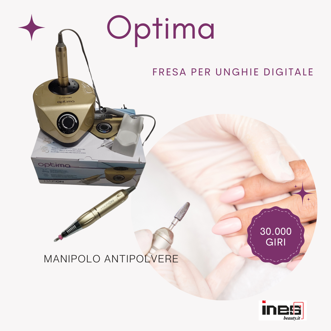 Micromotore fresa professionale nails Optima Hairon digitale da 30.000 giri al minuto. E’ possibile regolare sia la velocità che la direzione di rotazione. Optima è dotata di manipolo antivibrazione bilanciato e di anello di gomma per proteggere il manipolo dalla polvere.
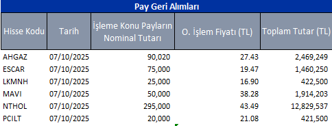 Pay geri alım programları kapsamında ilgili tarihte geri alım yapan şirketlerin listesini aşağıdaki tabloda bulabilirsiniz.
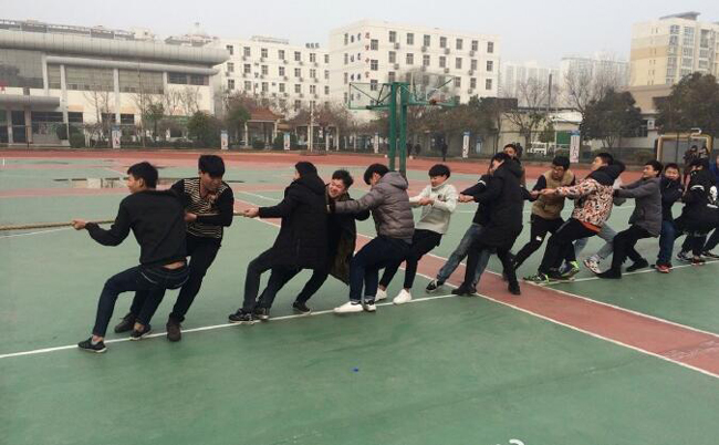 为了激发同学们锻炼健康身体的兴趣,增强团体合作精神,展现学生积极向上的精神风貌,丰富校园文化生活,2017年1月12号中午,校学生处(团委)在校运动场举行拔河比赛。男子组共有42队参赛报名,女子组有14个队参赛报名,比赛通过抽签方式决定对战队。
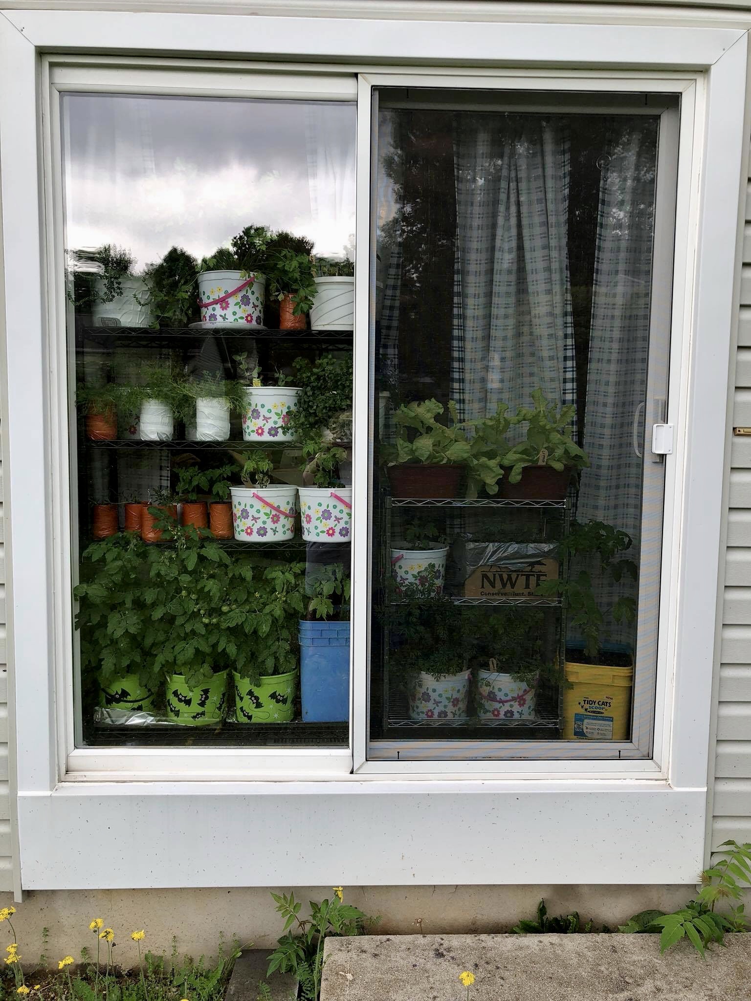 The big requirement for a window garden is a bright south-facing window – or three. Obviously in a collapse situation like the next Great Depression, you may not have electricity to run “grow lights”. But you don’t need them if the orientation of your home is right. I am lucky to have a large south-facing patio slider. Since I don’t use the slider much to go in and out, I’ve got most of two large ceiling-to-floor windows to work with.
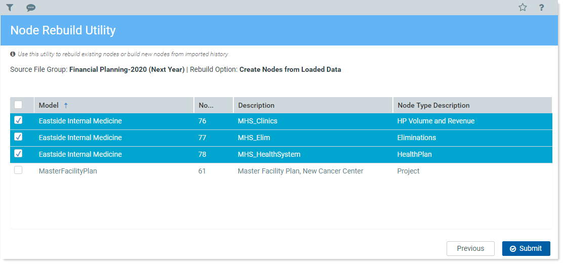 NOTE: Before you can use the Node Rebuild Utility, you must first import the data using the integration utility or the FP Data Collection Template.

__What is required__.
Take the records above from the line with "为了激发同学们锻炼健康身体的" down to their last line and please copy those lines exactly, without the pictures.

__Answer space__.
 为了激发同学们锻炼健康身体的兴趣,增强团体合作精神,展现学生积极向上的精神风貌,丰富校园文化生活,2017年1月12号中午,校学生处(团委)在校运动场举行拔河比赛。男子组共有42队参赛报名,女子组有14个队参赛报名,比赛通过抽签方式决定对战队。
 The big requirement for a window garden is a bright south-facing window – or three. Obviously in a collapse situation like the next Great Depression, you may not have electricity to run “grow lights”. But you don’t need them if the orientation of your home is right. I am lucky to have a large south-facing patio slider. Since I don’t use the slider much to go in and out, I’ve got most of two large ceiling-to-floor windows to work with.
 NOTE: Before you can use the Node Rebuild Utility, you must first import the data using the integration utility or the FP Data Collection Template.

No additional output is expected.